Your objective>
Write out each line of the listing as it stands, without the images.

The data>
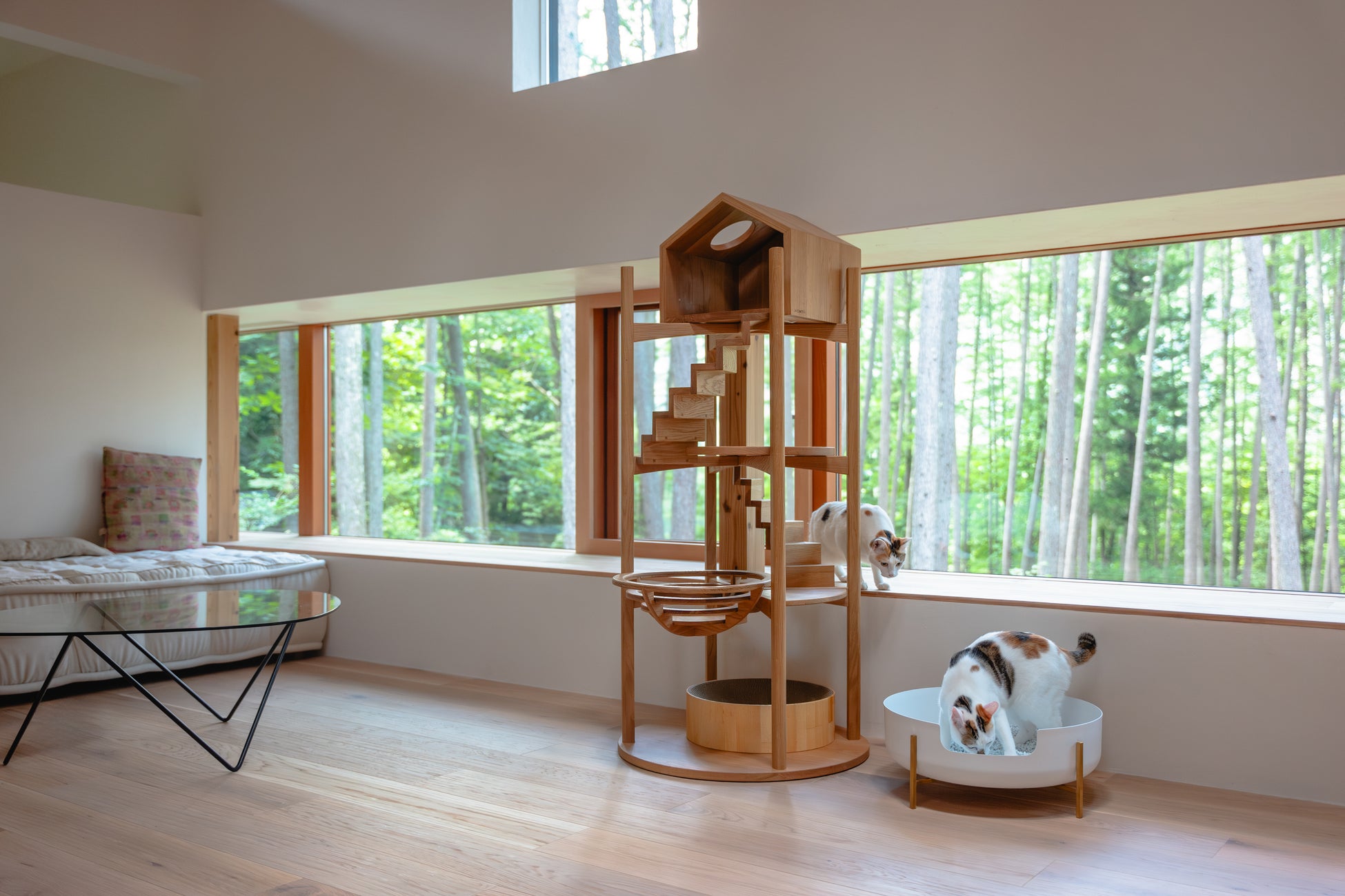 さらに、「動物と暮らす住研究所」では「ねこ推し!」をテーマに、住まいやペットと人の快適な共存に関するさまざまな展示やイベントを開催します。たとえば、長野インテリアの「キャットウオークになるソファー」など、猫との暮らしを豊かにするためのインテリアアイテムが揃い、実際の住空間での使い方を想像していただける展示となっています。KatteのLa Toiletteと併せて、猫と過ごす生活における快適さや楽しさを感じていただけるようなブース構成です。
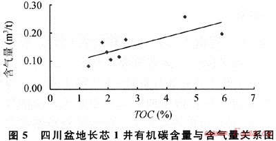 頁巖氣的勘探生產價值取決于其中游離氣和吸附氣的含量,游離氣的含量高低與其構造保存條件密切相關,而吸附氣含量受溫度、壓力等環境因素影響,在相同情況下,吸附氣量高低與有機質含量呈正相關。上揚子地區志留系烴源巖有機質豐度高,預計將會在構造保存條件差異較大的地區分別形成不同含氣量及含氣特點的頁巖氣聚集。在四川盆地,除已發現過去的老井在鉆探志留系頁巖段時具有豐富的氣顯示之外,目前完鉆的長芯1井初步分析結果顯示,在埋深淺于150 122龍馬溪組頁巖層段內,同樣發現了頁巖氣存在的證據(表2)。8個頁巖巖心的含氣量實驗結果顯示(解析溫度70℃),每噸巖石含氣量為0.08~0.25m3,平均為0.15m3/t。另從110m和120m巖樣的甲烷碳同位素分別為-40.2‰和-52.3‰來看,頁巖氣應為熱成因的天然氣。有機質豐度與含氣量的關系則顯示(圖5),同美國頁巖一樣,同樣具有有機碳含量與含氣量呈正相關的關系,即有機質豐度越高,含氣量越大。
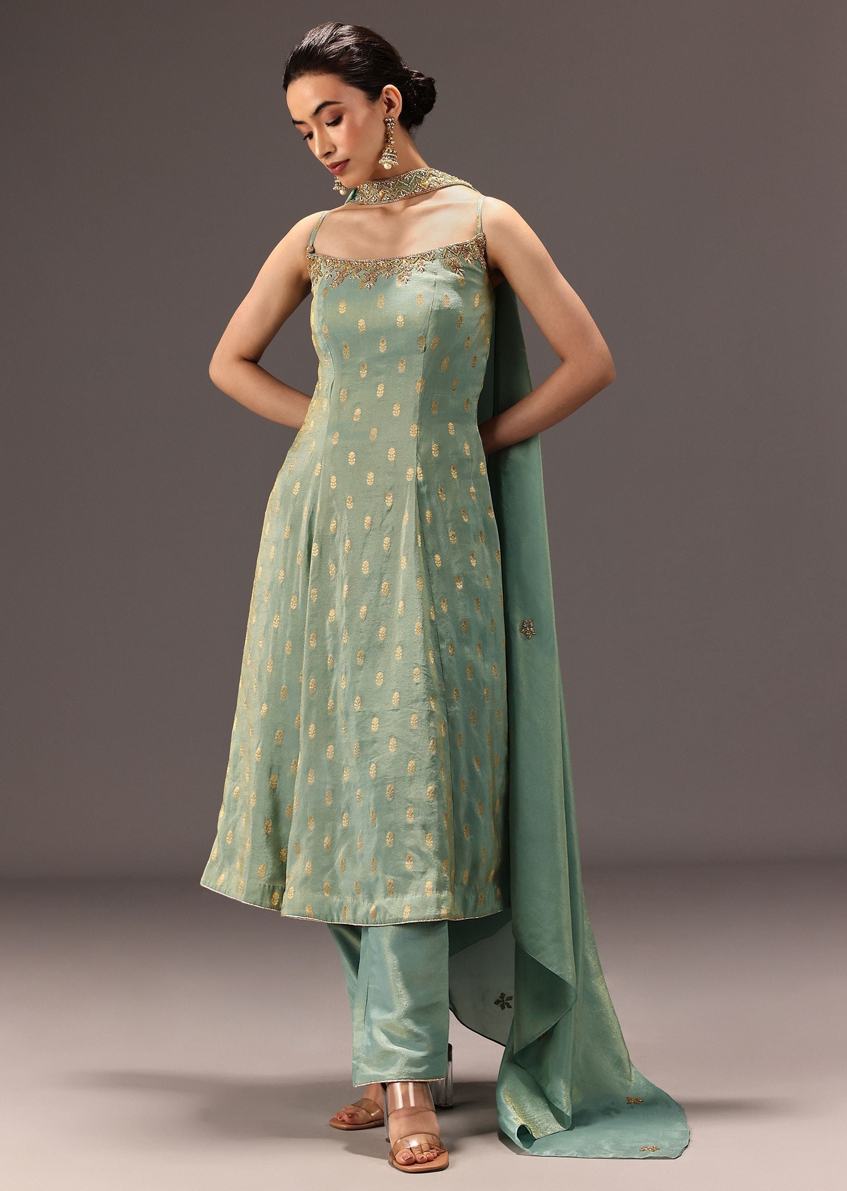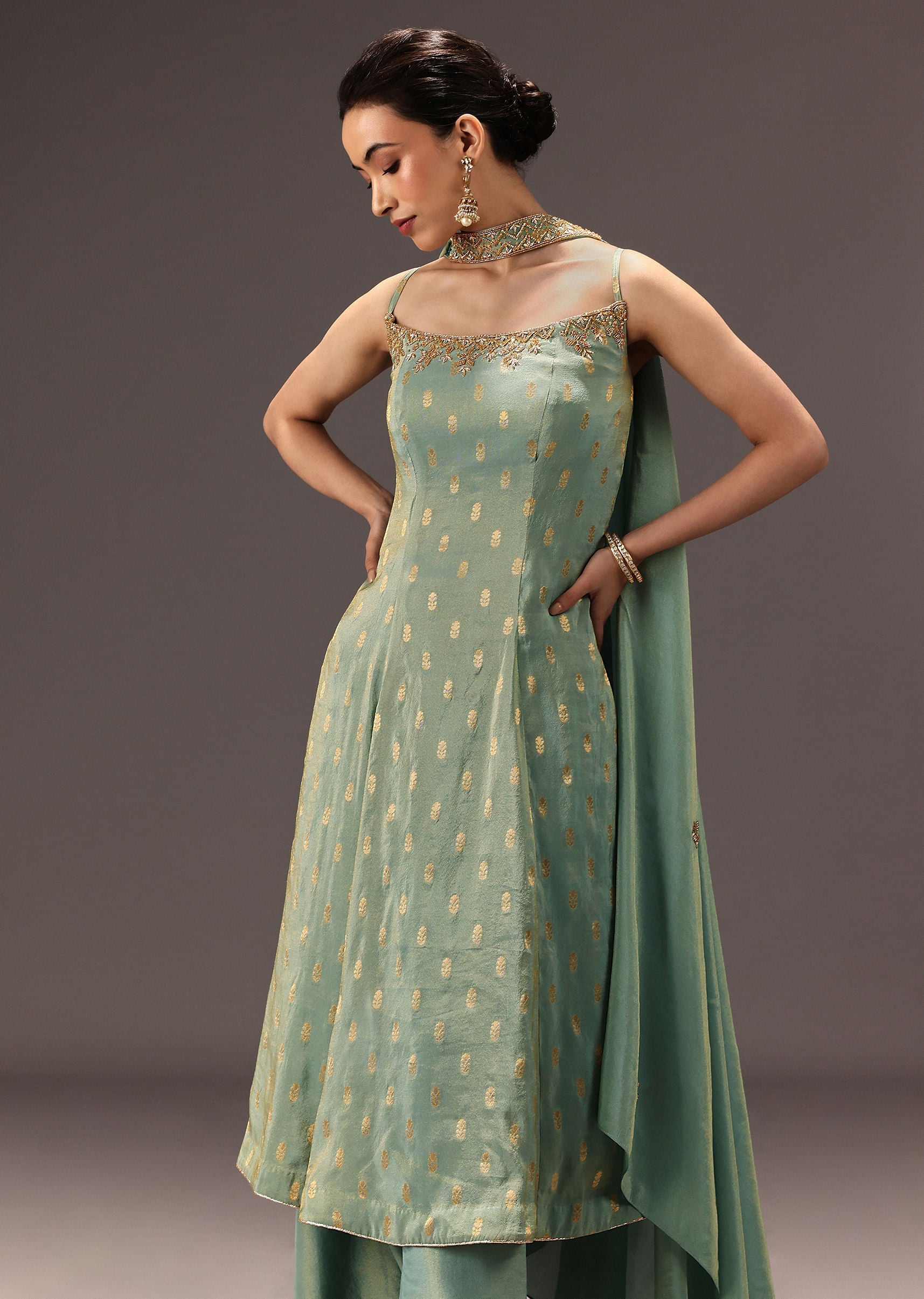 Be the center of attention wherever you go by stepping out in our resplendent mint green kurta set. The deep neck round neckline is enhanced with gold self work showcasing... More Product Details

Response to the task>
 さらに、「動物と暮らす住研究所」では「ねこ推し!」をテーマに、住まいやペットと人の快適な共存に関するさまざまな展示やイベントを開催します。たとえば、長野インテリアの「キャットウオークになるソファー」など、猫との暮らしを豊かにするためのインテリアアイテムが揃い、実際の住空間での使い方を想像していただける展示となっています。KatteのLa Toiletteと併せて、猫と過ごす生活における快適さや楽しさを感じていただけるようなブース構成です。
 頁巖氣的勘探生產價值取決于其中游離氣和吸附氣的含量,游離氣的含量高低與其構造保存條件密切相關,而吸附氣含量受溫度、壓力等環境因素影響,在相同情況下,吸附氣量高低與有機質含量呈正相關。上揚子地區志留系烴源巖有機質豐度高,預計將會在構造保存條件差異較大的地區分別形成不同含氣量及含氣特點的頁巖氣聚集。在四川盆地,除已發現過去的老井在鉆探志留系頁巖段時具有豐富的氣顯示之外,目前完鉆的長芯1井初步分析結果顯示,在埋深淺于150 122龍馬溪組頁巖層段內,同樣發現了頁巖氣存在的證據(表2)。8個頁巖巖心的含氣量實驗結果顯示(解析溫度70℃),每噸巖石含氣量為0.08~0.25m3,平均為0.15m3/t。另從110m和120m巖樣的甲烷碳同位素分別為-40.2‰和-52.3‰來看,頁巖氣應為熱成因的天然氣。有機質豐度與含氣量的關系則顯示(圖5),同美國頁巖一樣,同樣具有有機碳含量與含氣量呈正相關的關系,即有機質豐度越高,含氣量越大。
 Be the center of attention wherever you go by stepping out in our resplendent mint green kurta set. The deep neck round neckline is enhanced with gold self work showcasing... More Product Details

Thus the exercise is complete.